● DIRECTIONS FOR THIS TASK
Ignoring every picture, return the lines of the listing below word for word, from the line that holds "유사 타겟 만들기는 맞춤 타겟 만들기에 비해 간단하다. 총 2개의 단계가 있다." through the line that holds "东兴证券:璞泰来(60365".

● RECORDS TO USE
[Start of section]

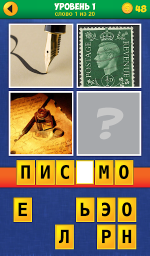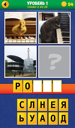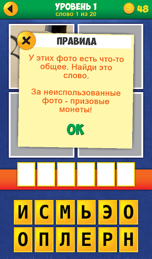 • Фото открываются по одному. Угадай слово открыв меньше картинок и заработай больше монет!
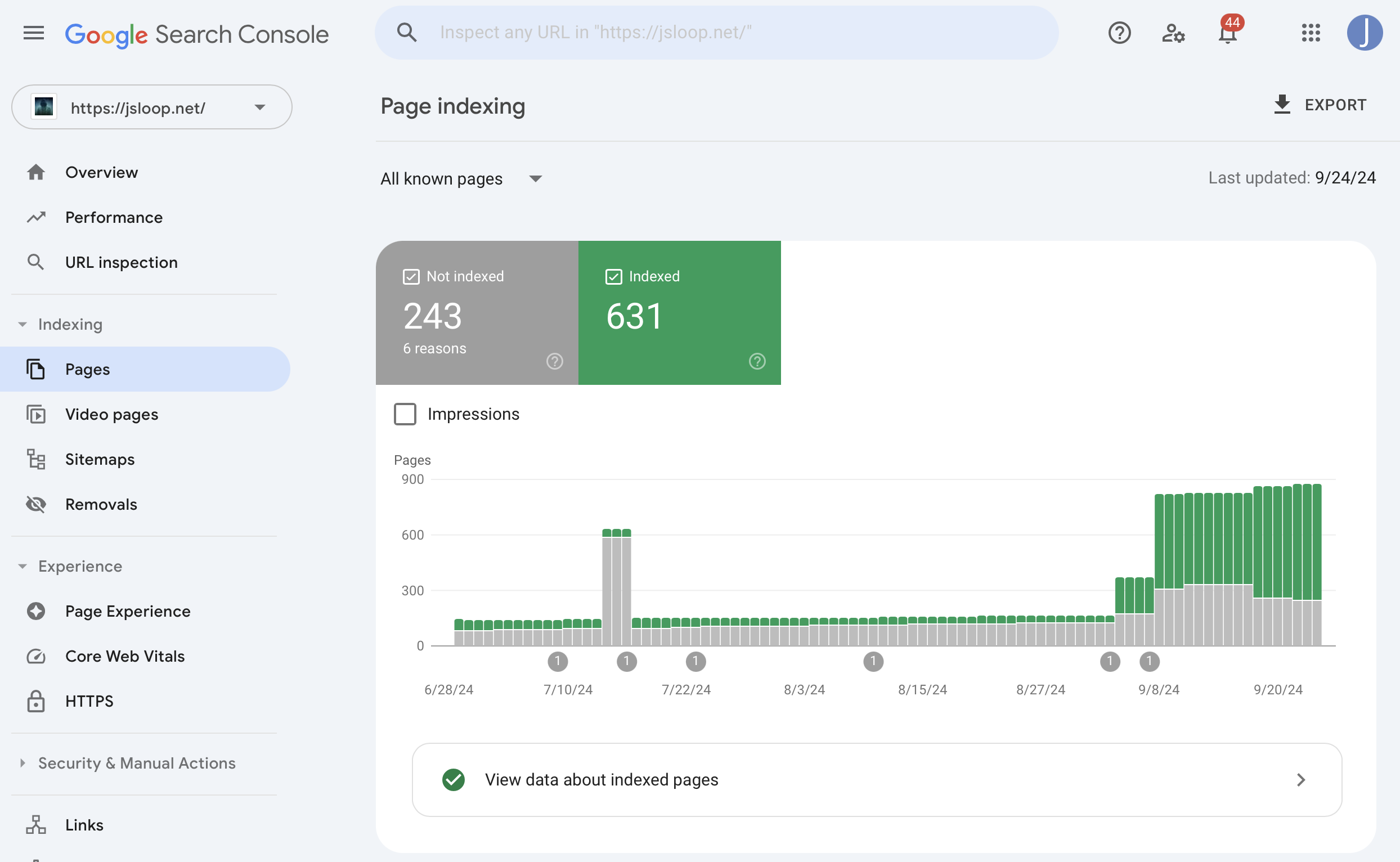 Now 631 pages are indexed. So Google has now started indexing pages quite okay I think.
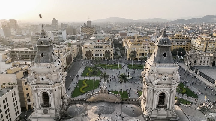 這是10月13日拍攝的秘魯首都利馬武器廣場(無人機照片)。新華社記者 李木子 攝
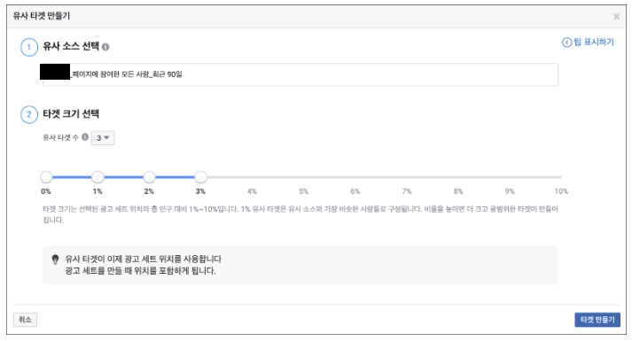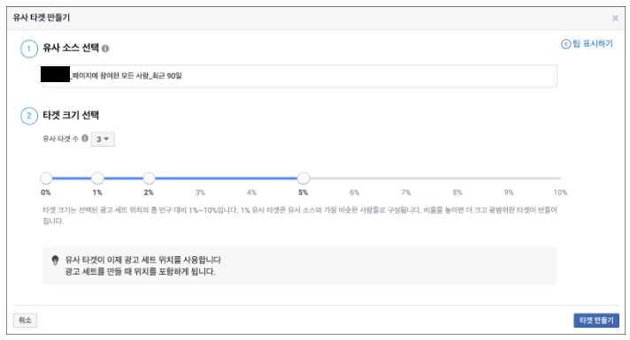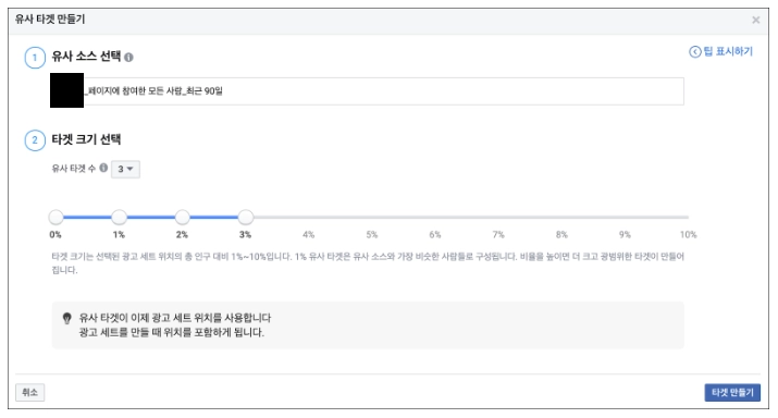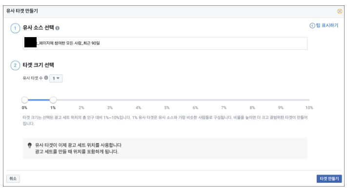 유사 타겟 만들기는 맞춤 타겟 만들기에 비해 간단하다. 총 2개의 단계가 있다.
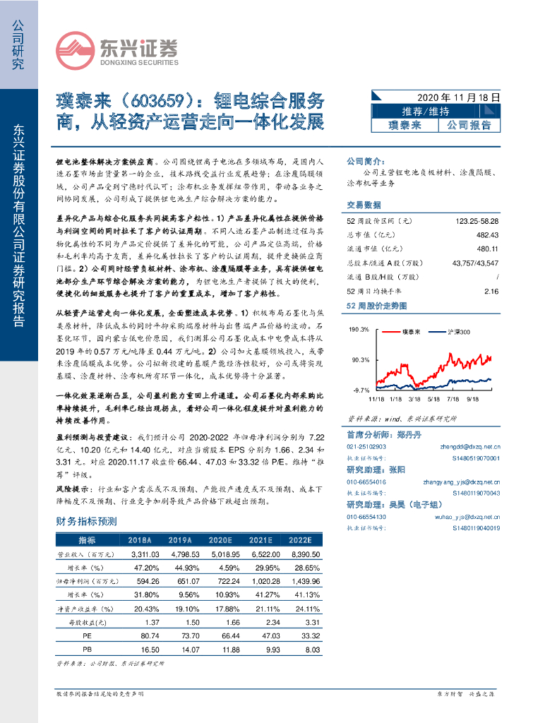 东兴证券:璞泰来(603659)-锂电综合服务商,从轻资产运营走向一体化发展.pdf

[End of section]
[Start of section]

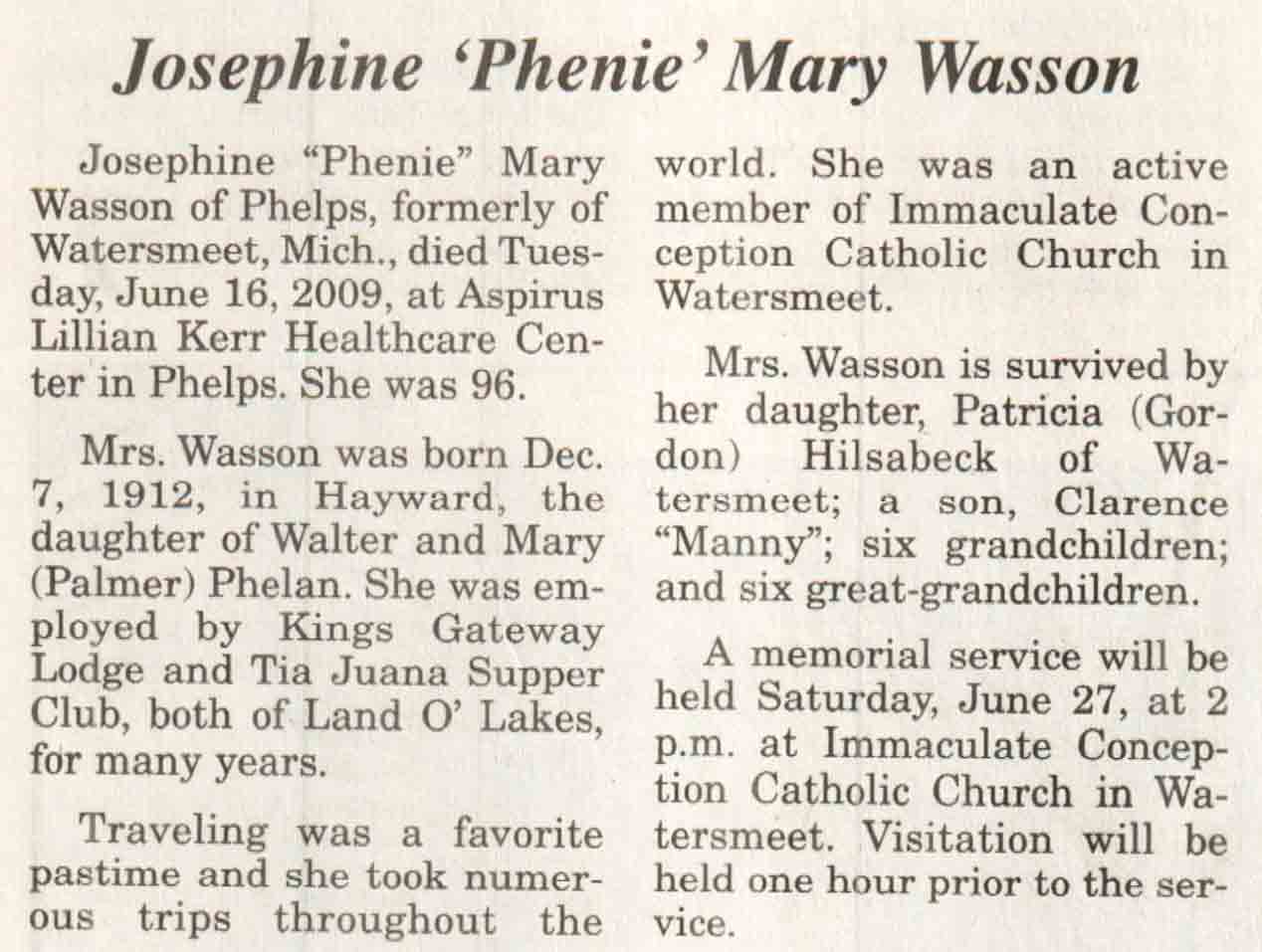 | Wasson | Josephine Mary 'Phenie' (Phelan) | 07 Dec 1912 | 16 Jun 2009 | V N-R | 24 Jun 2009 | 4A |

[End of section]

● THE COMPLETED TASK
 유사 타겟 만들기는 맞춤 타겟 만들기에 비해 간단하다. 총 2개의 단계가 있다.
 东兴证券:璞泰来(603659)-锂电综合服务商,从轻资产运营走向一体化发展.pdf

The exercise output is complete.